A small amount of hysteresis will nearly always be present, even if the evaporation front always remains in the evaporator wick 50, because of the difference in capillary pulling power that exists between a falling and a rising fluid level in a wick. This difference, however, is small, and will cause a correspondingly small difference in the turn-off and turn-on temperatures of the control grid. This small amount of hysteresis is, in fact, usually desirable, because it provides a degree of stability to the switching operation and prevents the valve from turning on and off in response to small fluctuations in the control temperature about the cut-off value.
The coarse cylindrical mesh 66 that envelops the condenser grid 60 is useful in the case of a heat valve operating in the weightless environment of outer space. During periods of cut-off, liquid condensate accumulates at the condenser end of the vapor channel 40. In a zero-gravity environment, slight jostling of the valve would cause this condensate to slosh about in the vapor channel, and some of it would arrive at the evaporator 50 and be vaporized. Thus the value would transfer heat in a sporadic fashion in response to slight jostling. The purpose of the coarse mesh 66, which would not impede vapor flow to the condenser 60 during the on condition of the valve, is to "capture" the liquid condensate that accumulates during cut-off, and confine it to the condenser vapor channels within the condenser wick.
The heat valve pictured in FIG. 4a is basically a heat pipe to which a valve assembly has been added. For this reason, all of the normal considerations and criteria that apply to the design of conventional heat pipes apply as well to the heat valve. There is, however, one extra important design parameter that refers specifically to the control grid, namely the width (or diameter) of its openings. To an accuracy that suffices for estimation purposes, the opening width a is given by
a=4γi (Toff)/ρg(he -h) (2)
where γi (T) is the known functional dependence of the interfacial tension on temperature, Toff is the cut-off temperature (ignoring hysteresis), ρ is the density of the condensate, g is the acceleration of gravity, he is the capillary lifting head of the evaporator wick in normal gravity, and h is the height of the column of condensate that must be supported during cut-off, which is approximately equal to the combined thicknesses of both insulating wicks 84 and 85, the valve assembly, and the insulator wick 60. The lifting head he can be expressed in terms of the surface tension γ of the working fluid and the effective pore diameter de of the evaporator wick by the following relation:
he =4γ/ρgde (3)
where the temperature dependence of γ can be neglected for estimation purposes. Eq. 2 is valid for a heat valve operating on earth. In zero-gravity, the capillary pulling power of the evaporator wick does not have to support the weight of the column of fluid of height h, so h can be dropped from eq. 2. Doing this, and substituting eq. 3into eq. 2 yields the relation for a zero-gravity environment:
a=de γi (Toff)/γ. (4)
Estimates indicate that for both organic fluids and molten metals, control grid openings of the order of 0.1 millimeters would be convenient and consistent with wicks (evaporator, condenser, and insulating) having effective pore diameters of the same order of magnitude.

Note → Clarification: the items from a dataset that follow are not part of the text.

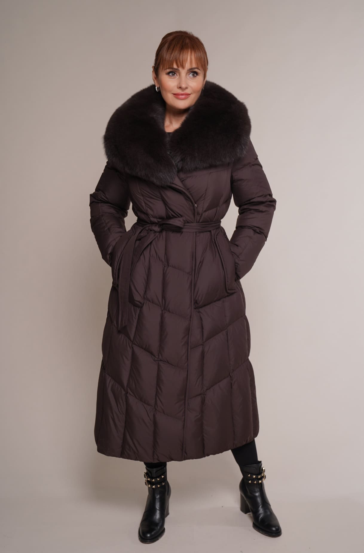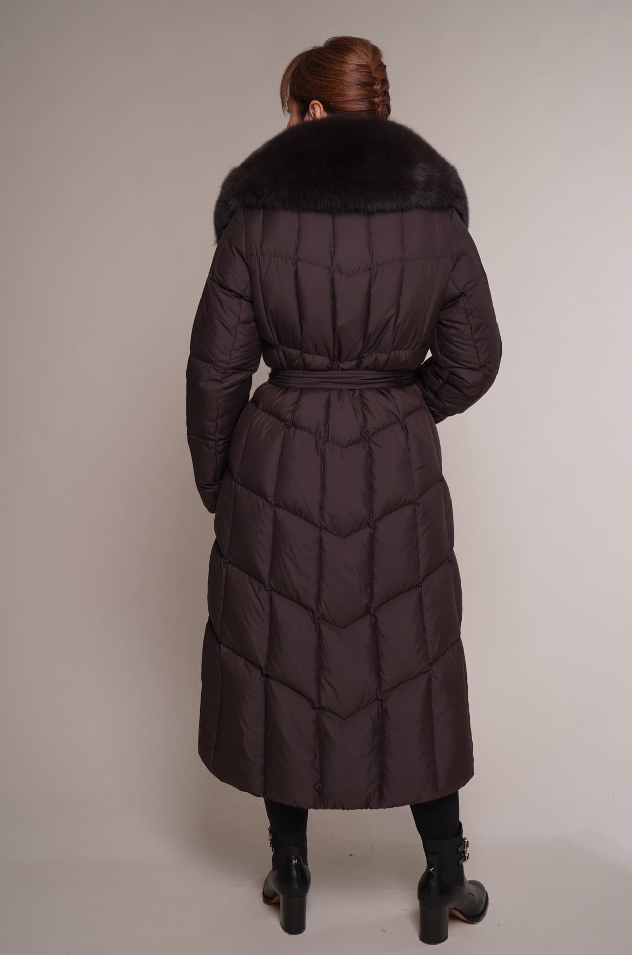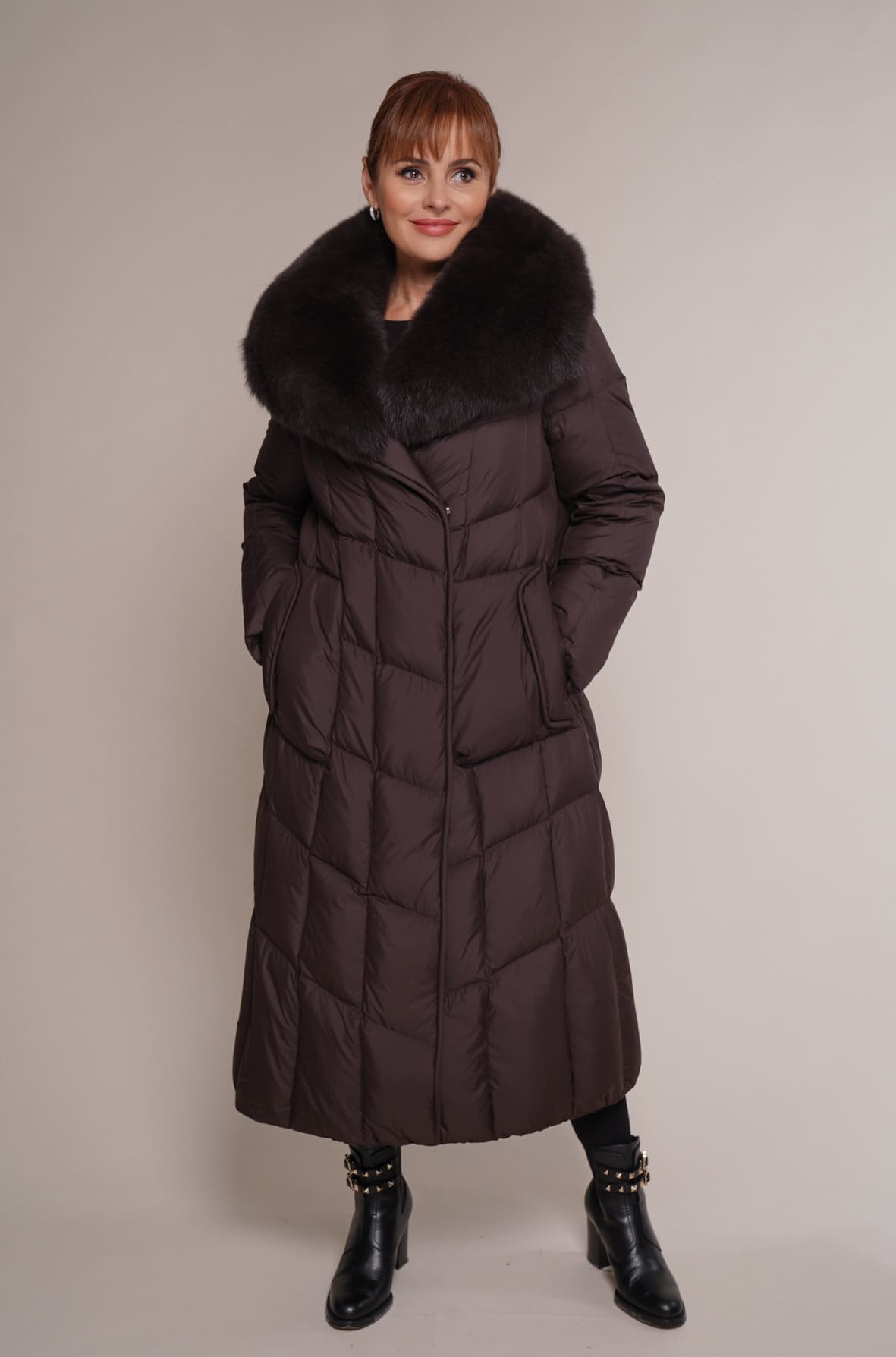 Schokoladenbraun | Reverskragen – Polarfuchs | 115 cm. | 2W. Reißverschluss | 2 Außentaschen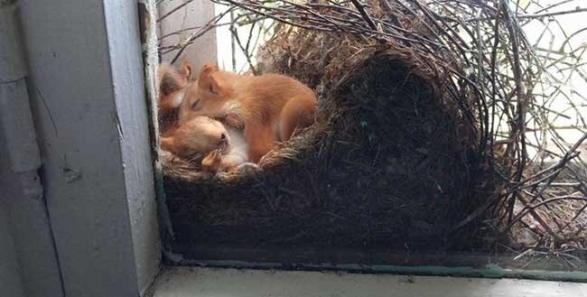 Эта история берет начало в 2015 году, когда две сотрудницы из Омского дома творчества спасли и выходили белку, после чего отпустили ее на волю…через некоторое время белка вернулась к своим спасителям и сделала гнездо прямо в оконной раме… Через некоторое время появились малыши. Как только малыши подросли белка вывела их на волю и сама пропала, через год ситуация повторилась…..белка снова сделала гнездо в оконной раме и снова родила малышей, так повторяется каждый год. При этом стоит отметить, что белка совсем не ручная, так она не подпускает никого к своему гнезду, но какая-то сила заставляет белку возвращаться к своим спасителям год за годом.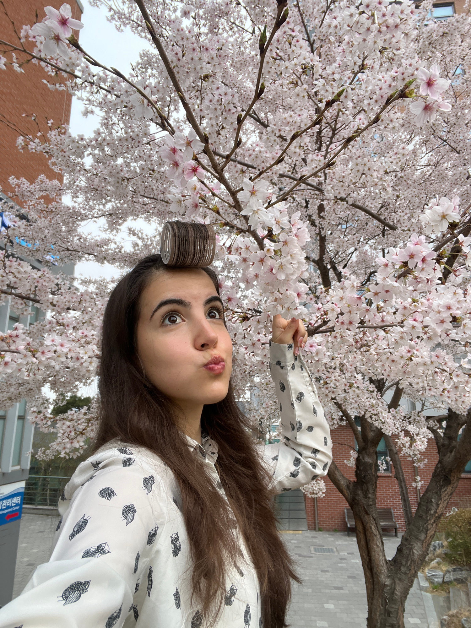 A young woman poses for a selfie outdoors in Daegu, South Korea. A cylindrical object, possibly a stack of coasters, balances on her head. She is wearing a white blouse with black owl patterns. Behind…read more

FIG. 5 pictures the form of the liquid-wick heat valve that has flat evaporator and condenser surfaces. The various parts have functions and labels corresponding to those of FIG. 4a. In addition, two external resistors 1 and 2 and a tap 4 with disc-like terminus 3 are pictured connected to the condenser plate 35 by means of clamps 5. Except for the construction of the valve assembly and the condenser, and the fact that the heat flow is downward instead of upward, the heat valve pictured in FIG. 5 is similar to the falling-shower one pictured in FIG. 3a. One further difference results from the need to add excess capacity to the evaporator wick in the case of the liquid-wick valve shown in FIG. 5 in order to make it uni-directional, i.e. a diode. In order to make the valve more compact, the excess evaporator capacity has been added to the inside of the exterior insulating wall 30.
Although the preferred embodiment pictured in FIG. 5 has an annular vapor channel 40 surrounding the return condensate flow that rises through a central column at the core of the heat valve, the reverse is also possible. The same inventor has published a description of a liquid-wick heat valve with flat condenser and evaporator plates that has the vapor channel in the central core of the heat valve. (Cf. Ref. 8. )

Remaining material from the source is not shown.